Another approach is directed to the production of suspended particles coated with protein. U.S. Pat. No. 5,916,596, issued to Desai et al., discloses the application of high shear to a mixture of an organic phase having a pharmacologically active agent dispersed therein and an aqueous medium containing a biocompatible polymer. The mixture is sheared in a high-pressure homogenizer at a pressure in the range of from about 3,000 to 30,000 psi. The '596 patent requires the mixture contain substantially no surfactants because the combined use of a surfactant with a protein results in the formation of large, needle-like crystalline particles that increase in size during storage. See columns 17–18, example 4.
U.S. Pat. No. 5,560,933, issued to Soon-Shiong et al., discloses the formation of a polymeric shell around the water-insoluble drug for in vivo delivery. The method discloses the application of sonication to a mixture comprising a polymer-containing aqueous medium and a dispersing agent having a substantially water-insoluble drug dispersed therein. In this reference, sonication is used to drive the formation of disulfide bonds in the polymer, causing it to cross-link so as to produce a polymeric shell around the drug. Sonication is conducted for a time sufficient for the disulfide bonds to form.

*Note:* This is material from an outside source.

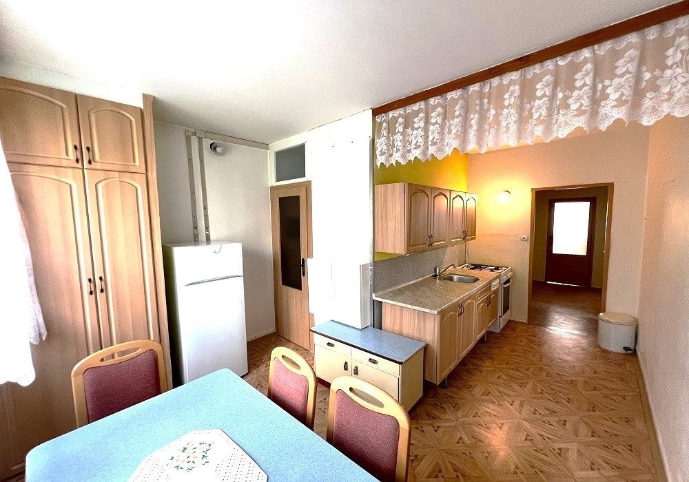 Byt o dispozici 4+1 s lodžií situovaný ve 3. patře bytového domu v klidné, zastavěné části města s kompletním provozním zařízením. Bytová jednotka 4+1+L o celkové výměře podlahové plochy bytu s lodžií 82,43 m2 s externím příslušenstvím (skladovací komorou) 83,66 m2, zbudovaný v roce 1968, situovaný ve 4.NP (3. patro) budovy bytového domu s celkem 23 bytovými jednotkami, výtahem a vlastní skladovací komorou. K bytu náleží možnost užívání všech společných prostor (kolárna + technická místnost) a přístupového prostranství v domě a užívání venkovního veřejného prostranství s parkovací plochou navazující na bytový dům. Orientace oken v bytu na J,Z,S, ložnice+obývací místnost s lodžií JZ, kuchyně + ložnice SV, 1x ložniceSZ). V průběhu let 200723 byla provedena částečná modernizace bytu: instalace sprchového koutu včetně výměny instalací, výměna oken (S,Z), kompletní rekonstrukce lodžie a výměna společných rozvodů. Byt je připraven k okamžitému předání a užívání ihned po převodu nemovitosti, bez jakéhokoli omezení vlastnických práv. Bytový dům, ve kterém se byt nachází je osmipodlažní objekt panelové konstrukce, situovaný v lokalitě se zástavbou bytových domů a rodinných domů v klidné části malého města Kdyně s dostupností základních služeb, občanskou vybaveností a kompletní infrastrukturou, cca 10 km od okresního města Domažlice s kompletní vybaveností. Třída budovy ENB:„C“. Byt s kompletním provozním příslušenstvím a původním vybavením je využitelný k trvalému rodinnému bydlení či komerčnímu pronájmu dle představ nového vlastníka. Dispozice bytu: vstup, předsíň se šatnou, kuchyně s jídelnou, obytná místnost s lodžií, 3x ložnice, koupelna (sprchový kout, umyvadlo), WC. Vybavení bytu: kuchyňská linka, sporák, lednice, koupelnové vybavení, vestavný šatní prostor, komora, zařizovací předměty, komplet původní nábytek, osvětlovací tělesa, rozvody TV/tel./internet. Vytápění: dálkové centrální včetně ohřevu teplé vody. Celková plocha bytu s příslušenstvím: 83,66 m2 (podlahová plocha bytu 77,33 m2, lodžie 5,10 m2, ext. komora 1,23 m2).

In U.S. Pat. No. 5,665,383, Grinstaff et al. discloses the application of ultrasound to a single-phase B i.e., an aqueous medium—to encapsulate an immunostimulating agent within a polymeric shell for in vivo delivery. The ultrasound promotes crosslinking of the encapsulating agent by disulfide bonds to form the shell.
U.S. Pat. Nos. 5,981,719 and 6,268,053 disclose a method of preparing microparticles of macromolecules with particle size of less than 10 microns. Macromolecules are mixed with a soluble polymer or mixture of soluble polymers (e.g., albumin) at a pH near the isoelectric point of the macromolecule in the presence of an energy, preferably heat, for a predetermined length of time. The microparticles formed by this process allow aqueous fluids to enter and solubilized macromolecules and polymers to exit the microparticles and can be made to exhibit short-term or long-term release kinetics, thereby providing either rapid or sustained release of macromolecules.